If you make a Produced Work from an ODbL licensed database, then you can 
immediately make this Produced Work uncopiable (e.g. you can make a 
giant art installation from it an charge anyone who dares to photograph 
it, or you can print it into a book which is (c) yourself).

PD doesn't come into the equation.

 > where previously we
> guaranteed that all map images would be freely copiable.

CC-BY-SA guaranteed that all map images would be freely copiable (for 
certain definitions of free, e.g. they could not be combined with NC or 
GFDL data etc.), but OSM is not aiming at a world of freely copiable map 
*images*.

Map images are like compiled code. They are worth very little without 
the source. ODbL acknowledges that, and shifts our focus towards the 
source. Which makes sense to me.
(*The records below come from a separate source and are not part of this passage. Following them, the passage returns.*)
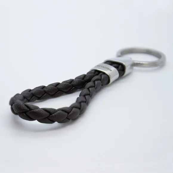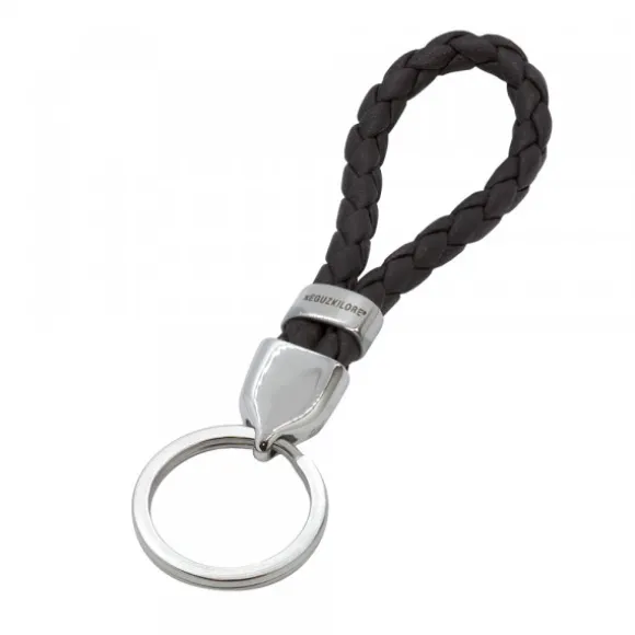 *No se admiten cambios ni devoluciones en artículos de Outlet.Llavero de acero con cuero trenzado en color negro. Medidas del llavero: Largo 10,5cm y ancho 3cm.
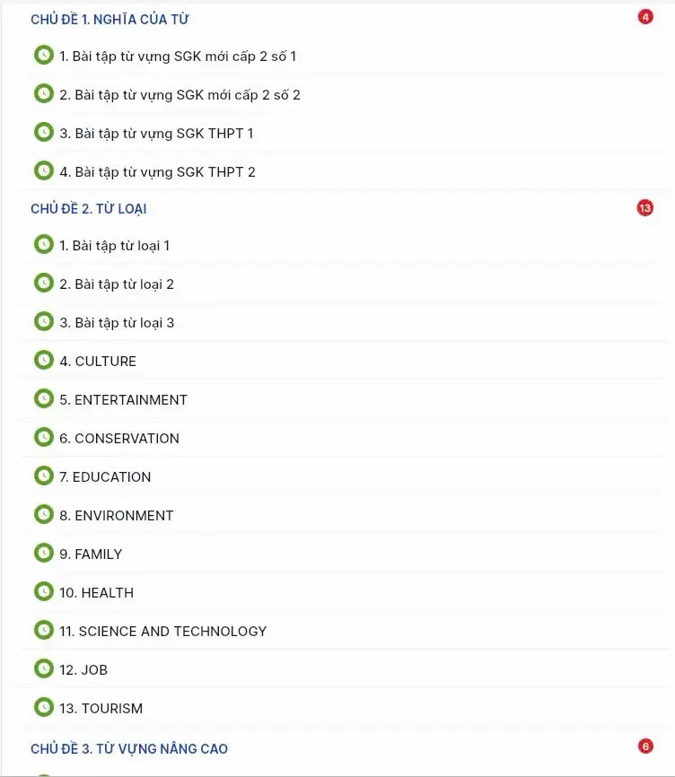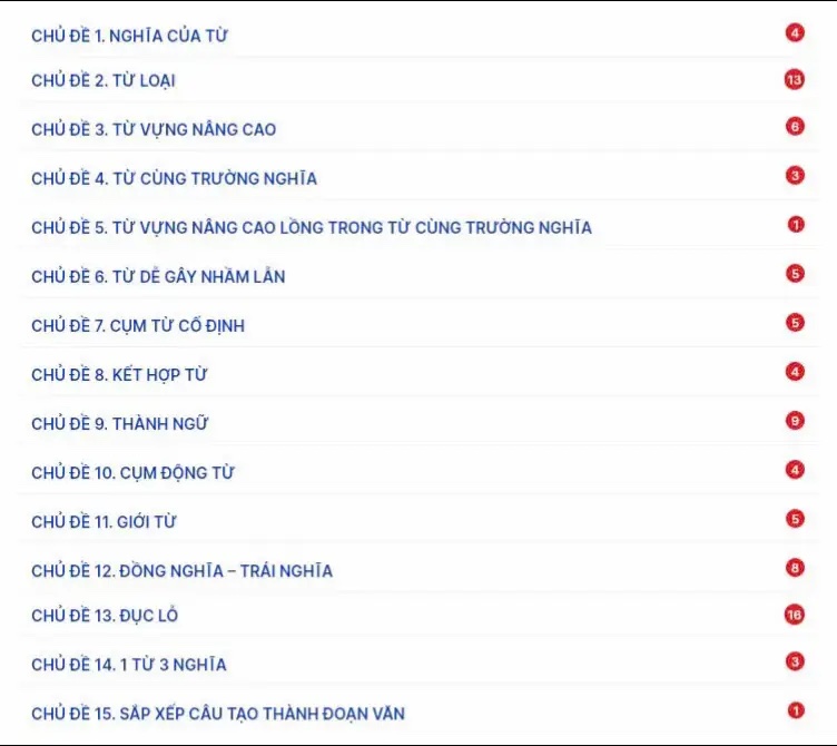 Như vậy, có thể thấy bên cạnh các phạm trù từ vựng cơ bản như nghĩa của từ, từ loại, đồng nghĩa- trái nghĩa, giới từ… thì còn có các phạm trù 9+ như từ vựng nâng cao, thành ngữ, từ cùng trường nghĩa, từ vựng nâng cao lồng trong từ cùng trường nghĩa, từ dễ gây nhầm lẫn, cụm động từ nâng cao, kết hợp từ, cụm từ cố định.
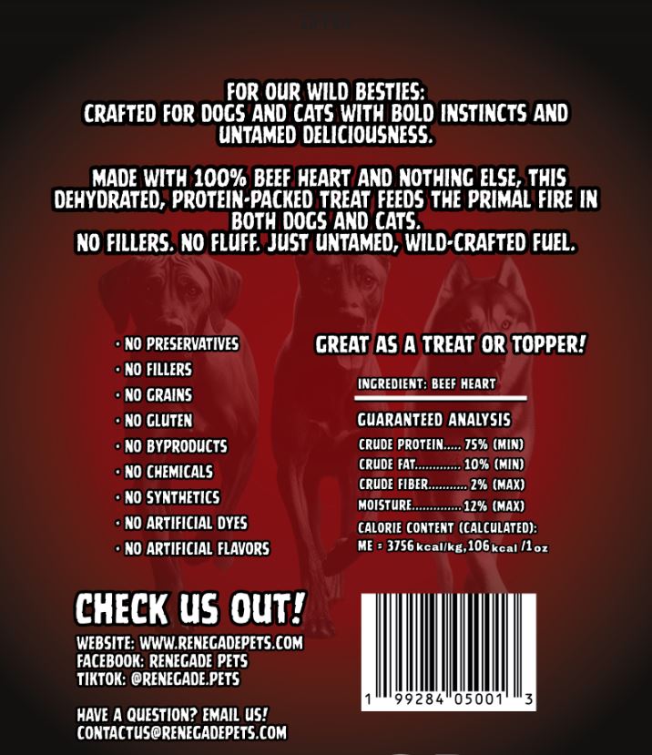 Treat your pets to the wholesome, high-quality goodness they crave. RENEGADE Fierce - Dehydrated Beef Heart is the natural choice for happy, healthy companions!
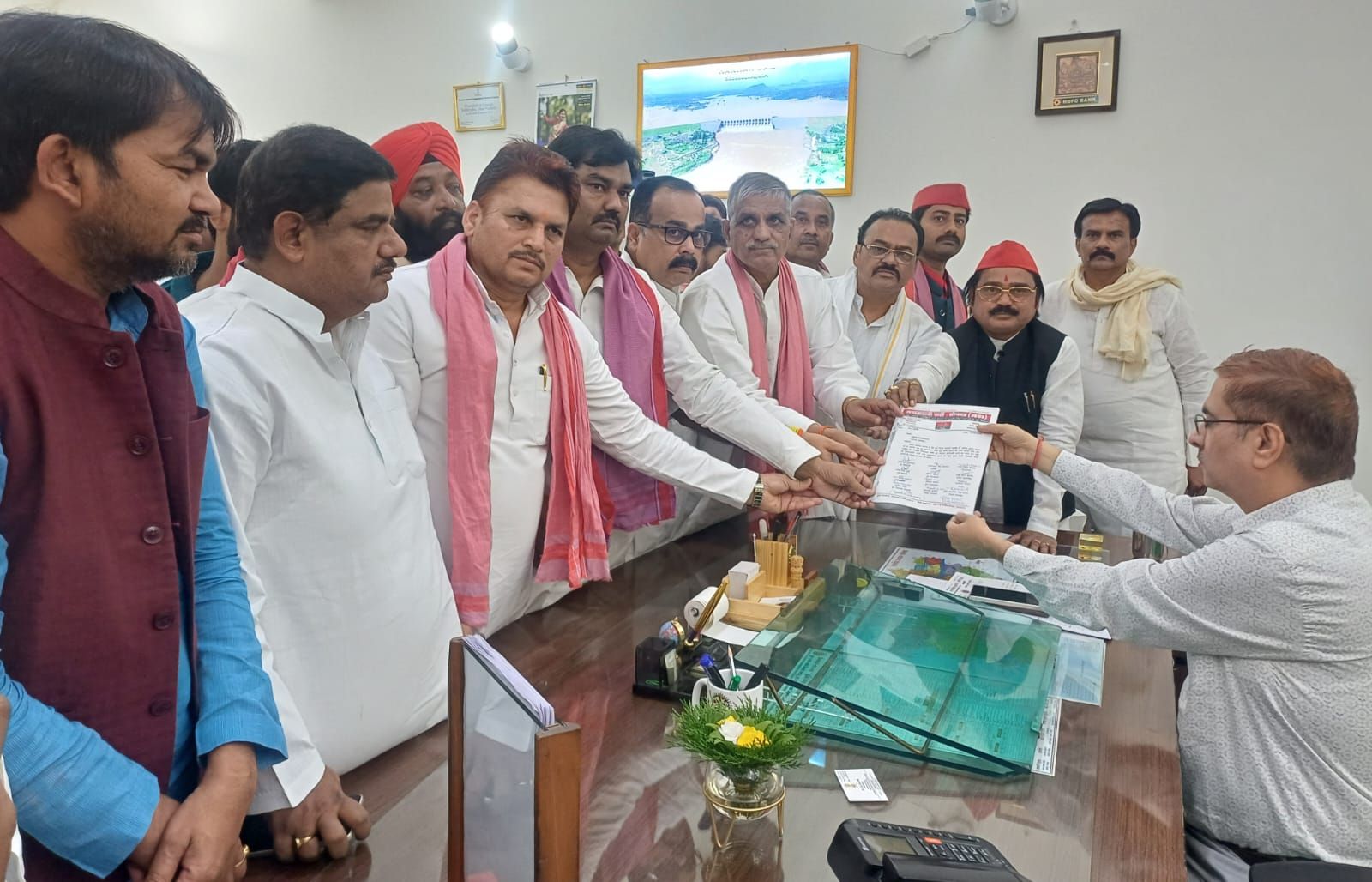 अनिल यादव पर दर्ज मुकदमे के विरोध में सपा का प्रदर्शन, डीएम को सौंपा ज्ञापन
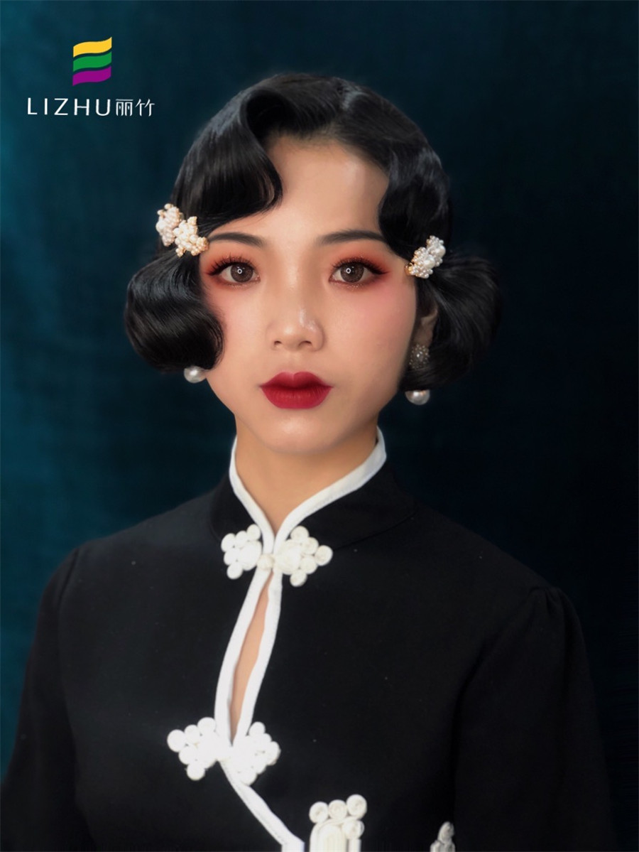 廣西彩妝造型培訓(xùn)學(xué)校作品---旗袍妝容造型:流暢圓潤的復(fù)古手推波發(fā)型,涂抹婀娜多姿的烈焰紅唇,身穿黑色改良國風(fēng)旗袍,還原老上海復(fù)古風(fēng)情,優(yōu)雅復(fù)古韻味十足。

For me, the creation of "binaries", of 
map images, happens at the fringes of OSM; they are snapshots with 
little value especially as soon as they're a day old or two.

 > Whether this
> is "essential" hasn't been explained

It has been explained in the half sentence following my use of the word 
"essential":

(Fred)
 > This is essential if we want to give users the chance to combine OSM
 > material with other, more restrictively licensed material, into images
 > or other products.

(OJW)
> it certainly isn't essential to
> the creation of free maps.

Unless the "free map" in question is one that combines free 
"non-commercial" altitude data with free OpenStreetMap roads; this is 
not possible with CC-BY-SA and will be possible with ODbL. If that's not 
"essential" then I don't know what is.